In summary, through forwarding, remote playback and remote debugging of rendering instructions (or rendering instruction sequences), the whole test process can be reproduced, and the crash problem and the inconspicuous non-crash UI abnormality problem, such as incorrect display or layout of the UI, which occur in the test process can be stably and repeatedly reproduced, so that the problems occurring in the test process can be accurately positioned, and debugging is facilitated to solve the positioned abnormality problem.

[ application test device ]

Fig. 5 is a schematic block diagram showing the structure of an application test apparatus according to an embodiment of the present invention. Wherein the functional modules of the application test device may be implemented by hardware, software or a combination of hardware and software implementing the principles of the present invention. Those skilled in the art will appreciate that the functional modules depicted in fig. 5 may be combined or divided into sub-modules to implement the principles of the invention described above.
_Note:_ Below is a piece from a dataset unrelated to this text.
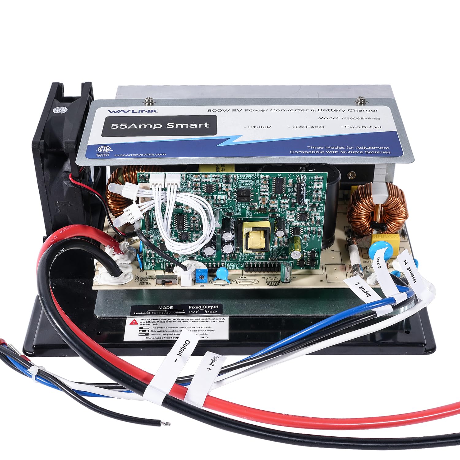 55 Amp RV Power Converter, WF-8955 RV Converter, 120V AC to 12V DC Battery Charger with 3 Smart Charging Modes

Accordingly, the description herein may support any possible combination, or division, or even further definition of the functional modules described herein.

The functional modules that the application test device may have and the operations that each functional module may perform are briefly described below, and the details related to these functional modules may be referred to the above description, which is not repeated here.

Referring to fig. 5, the application test apparatus 500 includes an acquisition module 510 and a save module 520.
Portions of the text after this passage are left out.